Monopolistic competition
In Monopolistic competition there are large numbers of buyers and sellers which do not sell homogenous product unlike perfect competition. This is more realistic in the real world. Monopolistic competition occurs when an industry in which many firms selling products that are similar but not identical.
Monopolistic competitions try to differentiate its product. Thus it is closely related to business strategy of brand differentiation. In monopolistic competition heavy advertising and marketing is common among firms.
Monopolistic competition combines element of both monopoly and perfect competition. All firms in monopolistic competition relatively have low market power and they are all market makers.
Monopolistic competitive market
- The firm offer highly differentiated product
- Free entry and exit in the market ie no barriers
- Firm can make decision independently
- Customers have the preference of choosing products
- Seller becomes price setter
- Seller can charge marginally high price to enjoy some degree of market power
Assumption
- Product differentiation – monopolistic competition includes firms that offer similar product but are not identical. The products are differentiated not on the basis of price but the difference includes physical aspects of the product, location from where it sells and intangible aspects of the product. The product and services performs the basic function but have difference ion quality such as type, colour, appearance, reputation, location that distinguish the product from each other. For ex, motor vehicles are same to move people from one point to another. But there are many types of motor vehicles such as car, bike, scootor.
2. Many firms – there are many firms in each product group. A product group is a "collection of similar products". Under monopolistic market, each firms has a small market share. This gives each firm a freedom to set price and each firm action have negligible impact on the market. A firm can cut the price to increase sale without any fear. As its action will not prompt retaliatory responses from competitors.

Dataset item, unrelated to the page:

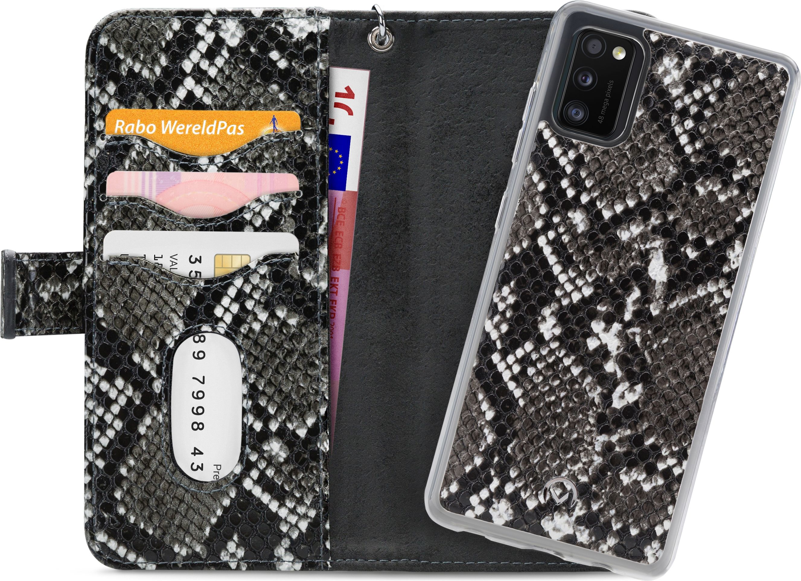 Combineer de stijl en bescherming van een Samsung Galaxy A41 clutch en de handzaamheid van een backcover met de Samsung Galaxy A41 Gelly Zipper 2in1 clutch van Mobilize in de uitvoering zwart. Het backcover hoesje zit met een magneet vast in de clutch en kan desgewenst ook apart gebruikt worden.

3. Freedom of entry and exit - Like perfect competition, under monopolistic competition the firms can freely enter or exit. When the existing firms makes super-normal profits, then new firms will enter. The entry of new firms leads to increase the supply of goods and services and this would reduce the price and thus the existing firms will be left only with normal profits. Similarly, if the existing firms are incurring losses, some of the firms will exit. This will reduce the supply which result decrease in price and the existing firms will be left only with normal profit.
4. Independent decision making – under monopolistic market, each firm can independently sets the terms and conditions of exchange for its product. The firm does not consider how their decision will have impact on competitors. In other words, each firm feels free to set prices and prompting heightened competition.

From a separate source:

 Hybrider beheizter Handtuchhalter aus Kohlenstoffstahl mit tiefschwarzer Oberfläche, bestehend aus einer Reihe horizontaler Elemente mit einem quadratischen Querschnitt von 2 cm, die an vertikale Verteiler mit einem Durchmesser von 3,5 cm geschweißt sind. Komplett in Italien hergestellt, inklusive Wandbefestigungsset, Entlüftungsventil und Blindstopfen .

5. Market power – under monopolistic competition, the firms have low degree of market power. Market power means that the firm has control over the terms and conditions of exchange for its product. All firms under monopolistic competition are price makers. A firm can raise the prices of products and services without losing all its customers base. The firm can also lower prices without any effect on the competitors. Since the firm have relatively low market power, there is no barrier to entry.
Short run equilibrium, Long run equilibrium
Under monopolistic competition a firm can some extent independently control the supply and price of the product. The demand curve is stable and slightly downward slope
A monopolistic competitor creates output at which the marginal cost is equal to marginal revenue. The price is greater than marginal cost.
Short run
In short run, the firm attains its equilibrium where marginal revenue equals marginal cost and the price is set according to its demand curve. Thus when MR=MC, profits are maximized
In the above fig,
AR is the average revenue curve,
MR represents the marginal revenue curve,
SAC curve represents the short run average cost curve,
SMC signifies the short run marginal cost.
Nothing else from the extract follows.